Thenewwwguy
Emperor
- Joined
- May 12, 2020
- Messages
- 1,507
i think aqueducts still give them more housing, but i may be wrong.Hardly things you build yourself... since you cannot magically make plantation luxuries (or bananas) simply "appear"... you are pretty much limited by the map.
Careful city planning (using fancy map pins and whatnot) sounds nice, etc. until iron and horses appear and completely ruin all your well-laid plans.
And people are acting like Maya is the only civ that can settle without water... ummm hello, ever heard of granaries anyone (not to mention things like stepwells and mekewaps) and I still maintain that early farms are a very bad way to spend your builder charges. All new cities will need 2 builders to get them going instead of one (one for farms on tiles that you would never work early and another for plantations which you need for your campi) and that is A LOT of early gold or production wasted.

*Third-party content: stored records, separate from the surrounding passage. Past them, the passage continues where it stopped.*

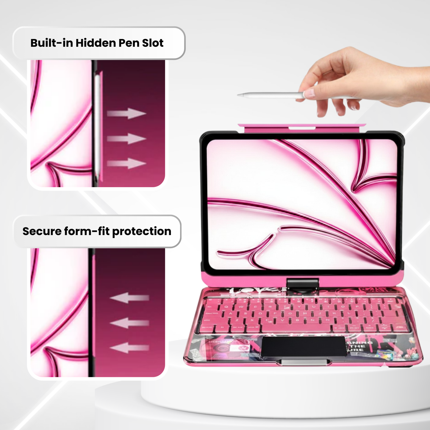 Solus Y2K Transparent Pink 360° Rotating iPad Keyboard Case
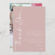Chá de fraldas De Rosa De Foto De Texto Rotulado Obrigado. Disponível digitalmente ou impresso. Estilo contemporâneo com Obrigado girado e no lado esquerdo e personalize facilmente o resto do texto para seus próprios detalhes. Você pode alterar as cores do texto e do plano de fundo se desejar, por meio da opção editar mais. Substitua a foto da amostra no verso por seu próprio favorito do seu chá como guardião para seus convidados.
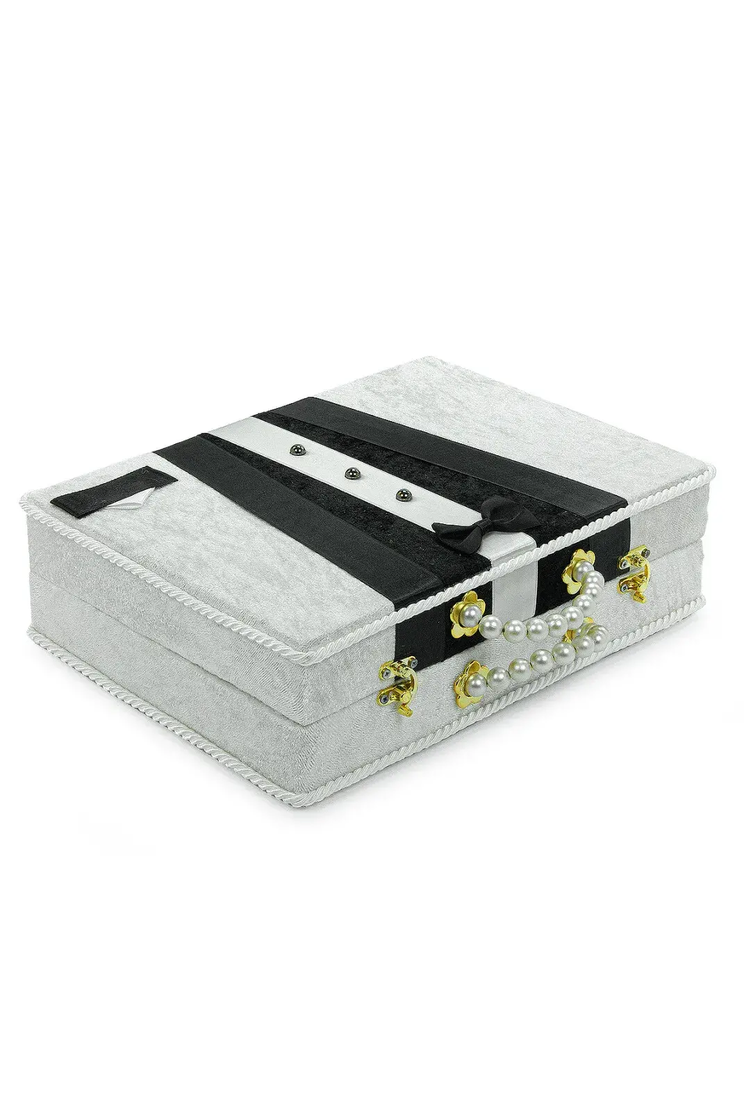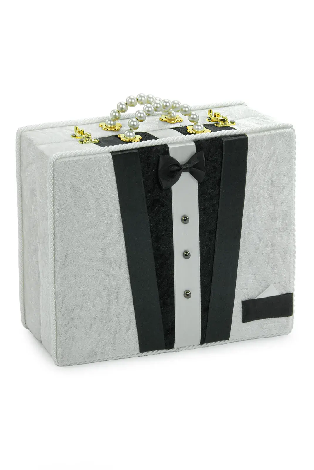 Bu şık ve zarif kadife sandık, damat bohçası için özel olarak tasarlanmıştır. Beyaz kadife kumaş ile kaplanmış olan sandık, hem estetik hem de işlevsel bir kullanım sunar. Kaliteli MDF malzemeden üretilmiş yapısı, uzun ömürlü ve dayanıklı bir kullanım sağlar.

Any civ can settle a waterless city if the tiles are worth it. It's just that the other civs get a bonus for settling next to water, and that Maya completely forfeits that bonus to begin with in exchange for stronger farms (so not worth it IMO).
Worst of all for a science civ, you will most likely go for industrial zones, but you wont have any incentive to build aqueducts (I guess dams are still fine) since, if I understand the mechanics correctly, gaining housing as if it has freshwater = 0 housing for Maya.
the half-cost campuses are the seller here. At worst, your observatory will be +3 if you surround it with farms. that’s still pretty good considering you get it twice as early as a theoretical opponent with a campus. the only thing maya could benefit from is a builder to start imo, because I agree they may have a slow and difficult Ancient era, but my guess is the classical era will make them snowball really hard. They look really good.